Create BigQuery Tables from Google Cloud Storage (Using SQL)
Creating BigQuery tables directly from files stored in Google Cloud Storage (GCS) is a common data engineering workflow. This method avoids manual downloads and enables scalable analytics pipelines.

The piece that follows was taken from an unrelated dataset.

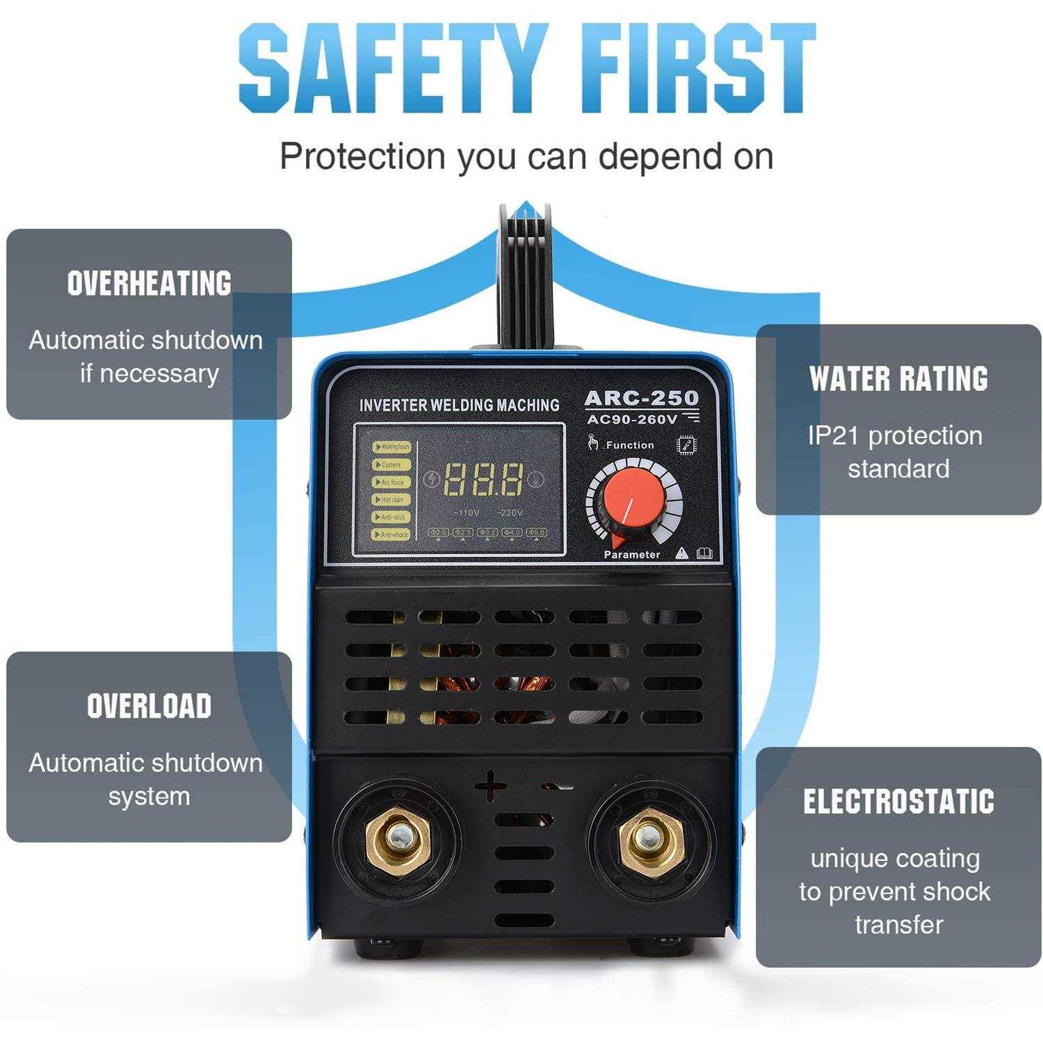 250A ARC Welder Machine, 110/220V MMA Welder, IGBT Digital Display LCD Hot Start Welder With Electrode Holder,Work Clamp, Input Power Adapter Cable 【250Amp 110V&220V Advanced IGBT Inverter Technology】Powerful Welder Capable Of Welding Mild Steel, Weld Steel, Stainless Steel And Cast Iron. IGBT Power Device With Unique Control Mode Improves The Reliability Of Welding Machine 【Energy Saving King】Reduce The Damage Of Copper And Iron,Obviously Increase The Welding Frequency,And Energy-conserving Result Is Remarkable 【Welder】The MMA Welder Is Suitable For Welding Stainless Steel, Mild Steel, Aluminum And Other Metal Materials 【Portable Design】This Welder Features A Easy Carrying Handle,Compact Design, Easy For Translation And Storage. Very Convenient, Can Be Used Anywhere You Need

Below is a step-by-step guide using BigQuery SQL.
Prerequisites
Before creating the table:
- A Google Cloud Storage bucket with files
- Supported file formats: CSV, JSON, Parquet, ORC, Avro
- BigQuery dataset created
- Required permissions:
- BigQuery Data Editor
- Storage Object Viewer
🎯 Goal
Load a CSV file stored in:
gs://new-bucket-via-python-sdk/Sample Data.csv
into a BigQuery table:
ashishcoder.Coding_Dataset.gcstable
Step 1: Create BigQuery Table
SQL
CREATE OR REPLACE TABLE `ashishcoder.Coding_Dataset.gcstable` ( EmployeeID INT64, Name STRING, Age INT64, Salary INT64, Department STRING, Gender STRING );
Explanation
- EmployeeID (INT64) → Unique employee ID
- Name (STRING) → Employee name
- Age (INT64) → Age
- Salary (INT64) → Salary
- Department (STRING) → Department
- Gender (STRING) → Gender
- CREATE OR REPLACE overwrites the table if it already exists
Step 2: Load Data from GCS into BigQuery
The LOAD DATA statement loads data from one or more files into a table.
SQL
LOAD DATA OVERWRITE `ashishcoder.Coding_Dataset.gcstable` FROM FILES ( format = 'CSV', uris = ['gs://new-bucket-via-python-sdk/Sample Data.csv'], skip_leading_rows = 1 );
Parameter Breakdown
LOAD DATA OVERWRITE
- Loads data into the table
- Replaces existing data
a) format → Specifies the file type. Supported formats:
- CSV
- NEWLINE_DELIMITED_JSON
- PARQUET
- AVRO
- ORC
b) uris → Specifies the location of files.
Examples:
uris = ['gs://bucket/file.csv'] # Multiple files uris = ['gs://bucket/*.csv']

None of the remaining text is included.